The effect of intraoperative infusion of dexmedetomidine on the quality of recovery after major spinal surgery.

BACKGROUND: Surgery induces a variety of metabolic, endocrine, and immune changes collectively known as the "stress response," which may often lead to prolonged postoperative convalescence. Anesthetic management may modulate this physiological response, thus affecting the postoperative course. We hypothesized that the intraoperative administration of dexmedetomidine (DEX), a sympatholytic agent, would reduce the stress response and improve the quality of recovery in patients undergoing major surgery.

METHODS: We conducted a prospective randomized double-blinded study of 54 patients undergoing multilevel spinal fusion. Anesthesia was maintained using either propofol/fentanyl/dexmedetomidine (PFD) or propofol/fentanyl/placebo-saline (PFS). The quality of recovery (a primary endpoint) was assessed using a 40-item quality of recovery questionnaire and a 9-question Fatigue Severity Scores. The tests were carried out preoperatively on postoperative days (POD) 1, 2, 3, and 30. Blood samples were collected at baseline, in the postanesthesia care unit, and at POD 1 and were analyzed for levels of cortisol, C-reactive proteins (CRP), and cytokines interleukin (IL)-1α, IL-1β, IL-1ra, IL-2, IL-6, IL-8, IL-10, and tumor necrosis factor-α. Data were analyzed using SPSS software (version 18) using a multivariate and mixed model approach to test for the effect of surgery and drug group. Pairwise comparisons were assessed by means of the t test or rank tests after correcting for multiple comparisons.
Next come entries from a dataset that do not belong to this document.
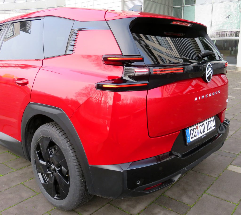 Der C5 Aircross ist ein waschechtes SUV und gilt nun in seiner zweiten Generation als Citroen-Flaggschiff im Pkw-Angebotsfächer, nachdem der C5 X eingestellt wurde. Es gibt diesen 4,65 Meter langen Franzosen in drei Antriebsvarianten – als Hybriden, Plug-in-Hybriden sowie komplett batterieelektrisch. Wir sind mit dem Hybriden unterwegs gewesen, der von einem Dreizylinder-Benziner samt kleinem Elektromotor bewegt wird.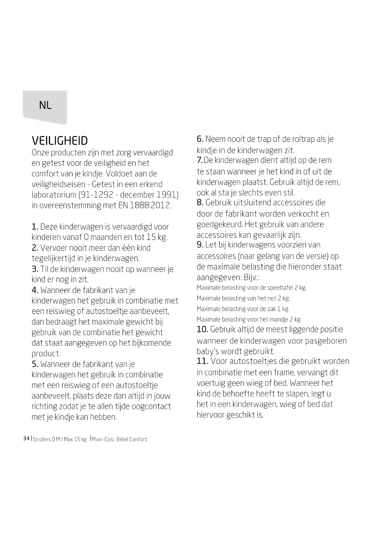 VEILIGHEID Onze producten zijn met zorg vervaardigd en getest voor de veiligheid en het comfort van je kindje. Voldoet aan de veiligheidseisen - Getest in een erkend laboratorium (91-1292 - december 1991) in overeenstemming met EN 1888:2012.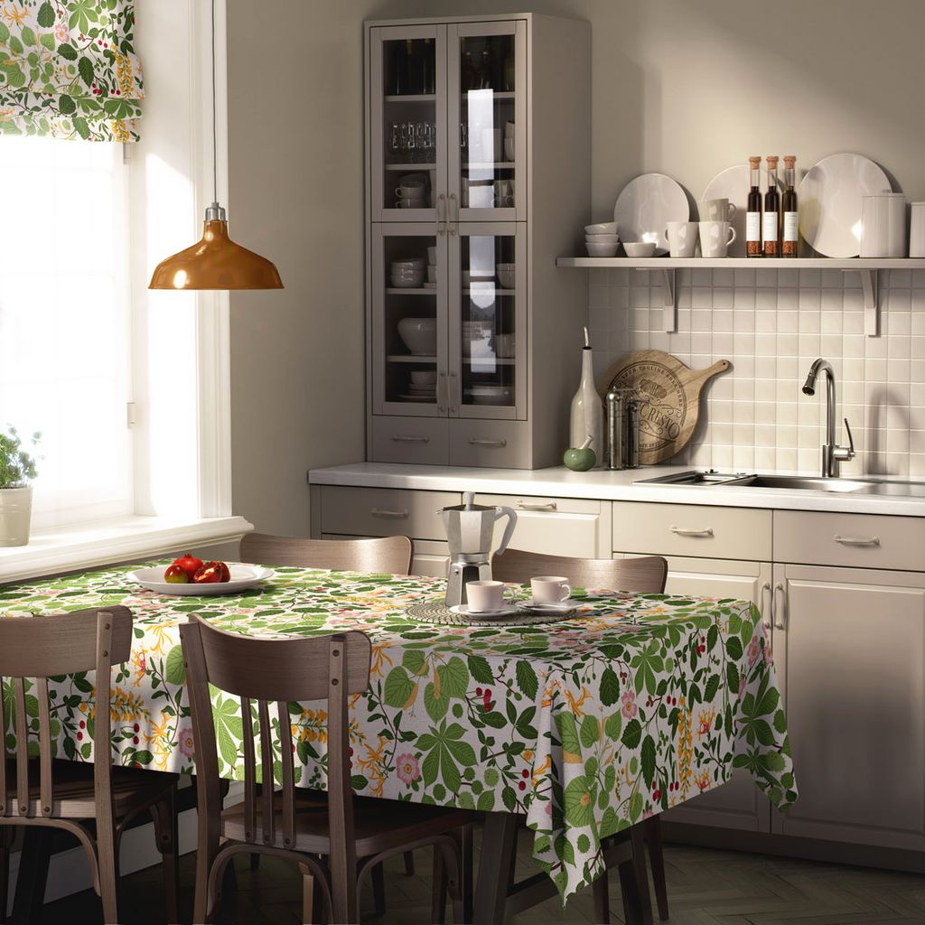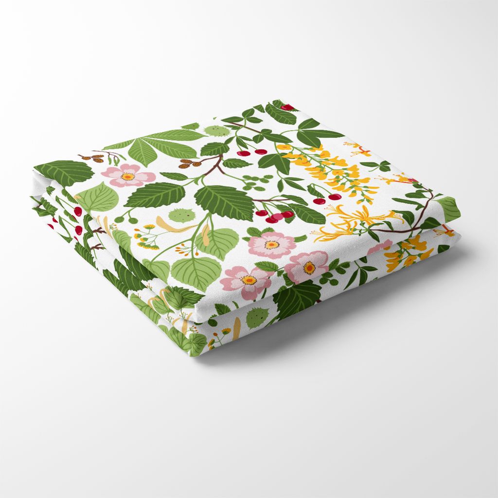 Bordsduk med sommarblommor och blad i ett vackert grönskande mönster på vit botten, designat av Edholm Ullenius.

RESULTS: The global 40-item quality of recovery questionnaire scores showed a significant effect of time (F(4,114)=22.63, P<0.001) and drug (F(1,51)=4.368, P=0.042), with average scores decreasing to lower values on POD 1 (163.63±2.47) and POD 2 (170.94±2.38) compared with baseline (180.56±1.588, mean±SE, 2-tailed t tests, P<0.001). By POD 3, scores were significantly lower (-13.74 point difference, P=0.005) in the PFS group (169.3±3.87) than in the PFD group (183.04±2.76). All patients reported significantly higher levels of fatigue postoperatively, but intergroup difference in Fatigue Severity Scores was detected on POD 3 only, with scores in the PFS group higher than in the PFD group (50.0±4.0 vs. 36.3±4.9, P=0.035). In both groups, plasma cortisol levels were highest in the postanesthesia care unit, whereas CRP levels were elevated on POD 1. DEX significantly reduced the levels of cortisol, but not those of CRP. Levels of cytokines IL-6, IL-8, and IL-10 were significantly higher immediately after surgery and at POD 1. Plasma levels of other cytokines were not affected by surgery. DEX delayed postoperative rise in IL-10 but not in IL-6 or IL-8.
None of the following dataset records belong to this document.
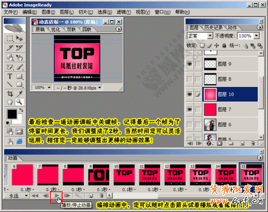 12.ImageReady是PS 捆綁軟件,界面大同小異,使用簡單,點“窗口”菜單調出“動畫”調板。配合圖層的顯示和隱藏,我們就能設計出漂亮的動畫。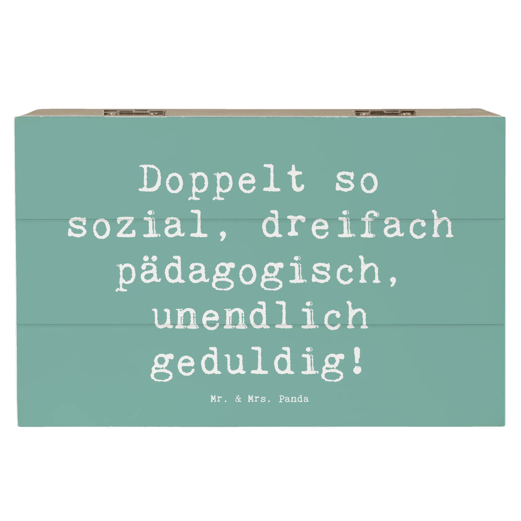 Entdecke die wunderschöne Holzkiste von Mr. & Mrs. Panda, die speziell für Sozialpädagogen entworfen wurde! Diese besondere Kiste ist nicht nur ein stilvolles Aufbewahrungselement, sondern auch ein liebevolles Geschenk, das die Leidenschaft und den Einsatz von Fachleuten in diesem wichtigen Beruf feiert. Mit der liebevollen Aufschrift "Doppelt so sozial, dreifach pädagogisch, unendlich geduldig!" bringt diese Kiste Freude in jedes Zuhause und eignet sich perfekt als Erinnerungskiste für besondere Anlässe.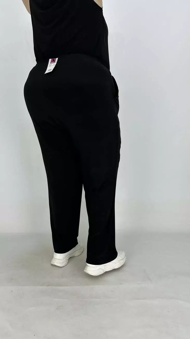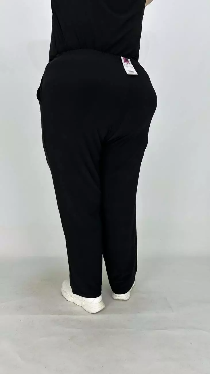 Широкі штани із трикотажу віскоза п-ва Туреччини з дуже гарною розтяжністю. Пояс у вигляді кокетки, ззаду на гумці, з кишенями, ширина низу штанів регулюється гумкою з фіксатором. Висока посадка, дуже зручна.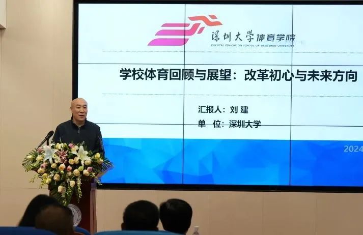 签约仪式后,深圳大学体育学院院长刘建以“学校体育回顾与展望:改革初心与未来方向”为题作了精彩的主旨报告。刘建院长在报告中首先回顾了过去二十年中学校体育改革的关键事件。他从学校体育改革的初衷、面临的挑战(“扎心”问题)以及改进这些问题的建议等五个方面,对学校体育改革的途径和方案进行了深入分析。刘建院长强调,深圳大学体育学院将利用其学科优势,主动向附属集团学校提供深度服务,包括“内涵性服务”、“对策性服务”和“发展性服务”,以此履行其在高等教育领域的职责。

CONCLUSIONS: DEX infusion during multilevel spinal fusions moderately improved the quality of recovery and possibly reduced fatigue in the early postoperative period. Moreover, it reduced plasma levels of cortisol and IL-10 in comparison with the control group. Our sample size was not sufficient to detect differences either in the incidence of complications or in clinically relevant outcomes.